The smile returned to the girl’s face. She picked up a piece of charcoal and retracted her arm as if she were about to throw a ball. “Mankind’s first siege weapons were our very hands.” Her Liop (the vital energy) flowed, shining sky blue around her, forming tendrils of power.
The elder felt the spiritual pressure and stopped his advance, taken aback by the sheer power of the girl. “You brat… You reached immortality already?”
Crusadina buried her feet into the debris, her eyes ablaze with the will of the millions of microscopic trebuchets that now covered her skin, forming a scaled plate. “And when you demolish a castle, there are no warning shots. Be thankful you aren’t a castle.”
The elder couldn’t see when she launched the piece of charcoal, but he got knocked down by the gust of ignited air it sparked. The burning forest had become a smoking clearing in a fraction of a second. He had been deafened by the boom, disoriented, and Crusadina still stood untouched, closing and opening the fingers of her hand in awe.
“So this is it, the power of the Totalitarian Siege Tower Dictatorship stage! Katie, I am awesome!”
Katie manifested by Crusadina’s side, giving a long, eyeless stare at the felled and scared Elder.
“I believe gramps deserves to meet a merciful end.”
Crusadina picked another piece of charcoal.

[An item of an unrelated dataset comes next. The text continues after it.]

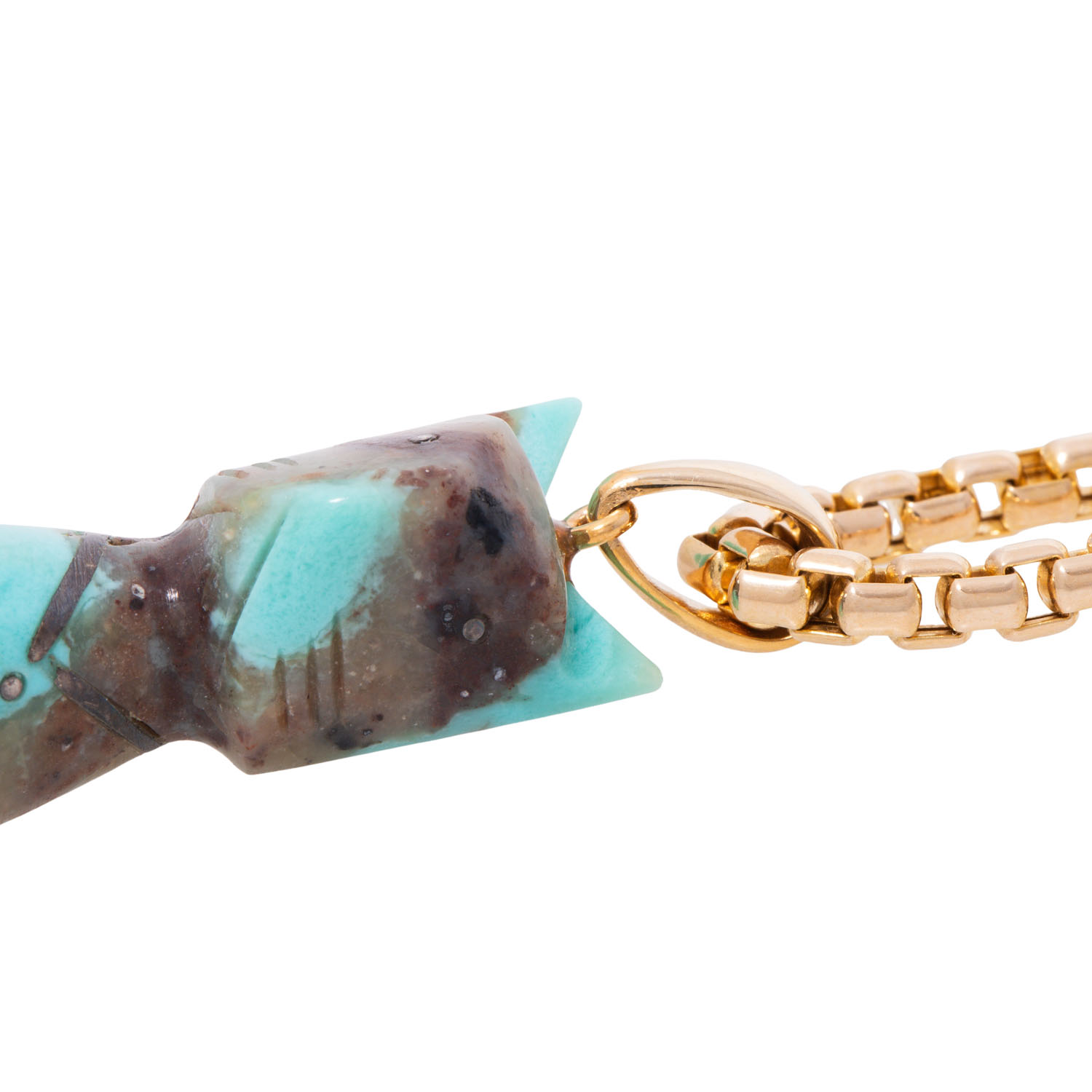 geschnitten, Augen und Halsband aus silbernen Einlagen, Anhängerschlaufe aus GG, L: 5,5 cm, 22,4 g, L: 45 cm, 2. H. 20. Jh., leichte Tragespuren.

The elder began to cry, and let his armor get undone. “I surrender, child. Have pity of this old man!”
He crawled to the girl’s feet and kowtowed, blackening his forehead with the coal under their feet. “This one begs forgiveness for his insolence.”

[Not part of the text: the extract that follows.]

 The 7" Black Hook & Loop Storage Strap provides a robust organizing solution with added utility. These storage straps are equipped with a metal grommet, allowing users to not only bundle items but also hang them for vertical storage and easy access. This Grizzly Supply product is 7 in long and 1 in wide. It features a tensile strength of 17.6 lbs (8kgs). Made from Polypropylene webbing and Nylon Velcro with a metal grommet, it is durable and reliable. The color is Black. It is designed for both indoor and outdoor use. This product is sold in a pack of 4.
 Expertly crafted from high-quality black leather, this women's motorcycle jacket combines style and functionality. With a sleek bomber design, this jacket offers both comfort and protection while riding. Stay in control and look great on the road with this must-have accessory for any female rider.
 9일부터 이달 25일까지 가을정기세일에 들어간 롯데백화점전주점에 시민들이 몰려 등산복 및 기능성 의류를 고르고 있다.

“This one has cooties,” the girl sentenced, and raised her leg, manifesting a ghost of a battering ram around it, facing downwards. From this position, she brought down a kick upon the elder’s back, crushing vertebrae, ribs, lungs and heart, splattering pitch black and oily blood upon herself and her ashen surroundings, putting a pathetic end to the man’s life.
“Holy sexual fornication, I killed him!” the girl almost panicked. “Katie, I liveoffed the elder!”
“You brought down his walls, Crusiecrus,” Katie said, in a motherly and catapulty tone.
Crusadina smiled and began laughing coyly. “I did… I released him from the walls inside him. My feet can stomp any wall, Katie.”
“yes they can, dear, let’s go somewhere else, more important than the walls mad ethe nature, are those erected by men. They shall fall down first.”
Crusadina nodded and summoned the winged Catapult, to then jump on the construct’s frame and hug one of the wooden beams that constituted it. “Now, fly slowly and low: I fear heights, Pultiana.”
As a last act of debasement, as soon as the catapult took flight, Crusadina’s stomach content exploded forth, landing upon the dead elder.
“Slower! Slower!” she begged her flying catapult as they left the smoking clearing.